Apple unexpectedly joins the local llama movement, by open-sourcing their
[Ferret model](https://github.com/apple/ml-ferret) in mid-December. This model
builds upon LLaVA, previously the leading multi-modal llama for images in the
local llama community.

In very late December, llama.cpp [merges
AWQ](https://github.com/ggerganov/llama.cpp/pull/4593) support. In the coming
year, I expect AWQ to largely replace GPTQ in the local llama community, though
GGUF will remain more popular in general.

Just 3 days from the end of the year,
[TinyLlama](https://github.com/jzhang38/TinyLlama) releases their 3 trillion
token checkpoint, on their 1.1B model. This miniscule model sets a new
lower-bound for the number of neurons required to make a capable llama, enabling
more users to locally host their llama.
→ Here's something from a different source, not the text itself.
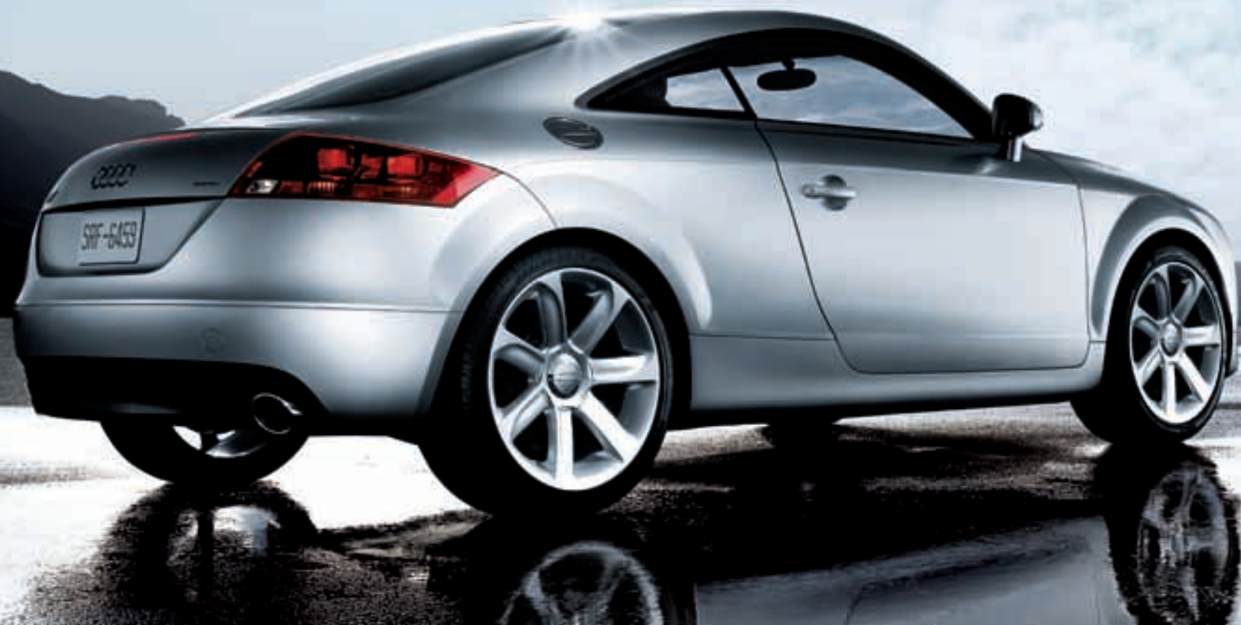
TT 2.0 TFSI Coupe & Roadster TT 3.2 Coupe & Roadster

In practice, TinyLlama easily goes
toe-to-toe with Microsoft's closed-source [Phi-2
2.7B](https://huggingface.co/microsoft/phi-2) released just a few weeks earlier.
This is a huge win for the open source community, demonstrating how open source
models can get ahead of commercial ones.

#### Going Forward

With the release of Mixtral, the local llama community is hoping 2024 will be
the turning point where open source models finally break ahead of commercial
models. However as of writing, it's very unclear how the community will break
through GPT4, the llama that remains uncontested in practice.

#### Early 2024

This is where we currently are! Hence, things are just dates for now. We'll see
how much impact they have in a retrospective:

 - **2024-01-22**: Bard with Gemini-Pro defeats all models except GPT4-Turbo in
   chatbot arena. This is seen as questionably fair, since bard has internet
   access.
 - **2024-01-29**: miqu gets released. This is a suspected Mistral_Medium leak.
   Despite only having a 4bit-quantized version, it's ahead of all current
   locallamas.
 - **2024-01-30**: Yi-34B is the largest local llama for language-vision. LLaVA 1.6
   based on top of it sets new records in vision performance.
 - **2024-02-08**: Google releases Gemini Advanced, a GPT4 competitor with similar
   pricing. Public opinion seems to be that it's quite a bit worse that GPT4,
   except it's less censored and much better at creative writing.
 - **2024-02-15**: Google releases Gemini Pro 1.5, with 1 million tokens of context!
   Third party testing on r/localllama shows it's effectively about to query
   very large codebases, beating out GPT4 (with 32k context) on every test.
 - **2024-02-15**: OpenAI releases Sora, a text-to-video model for up to 60s of
   video. A huge amount of hype starts up around it "simulating the world", but
   it's only open to a very small tester group.
 - **2024-02-26**: Mistral releases Mistral-Large and simultaneously removes all
   the mentions of a commitment to open source from their website. They revert
   this change the following day, after the community backlash.
 - **2024-03-27**: DataBricks open sources DBRX, a 132B parameter MoE with 36B
   parameters active per forward pass. It was trained on 12T tokens. According
   to user evaluation, it beats Mixtral for all uses.
 - **2024-04-18**: Meta releases LLaMA3 8b and 70b. 70b is the new best open
   model, right around Claude3 Sonnet and above older gpt4 versions!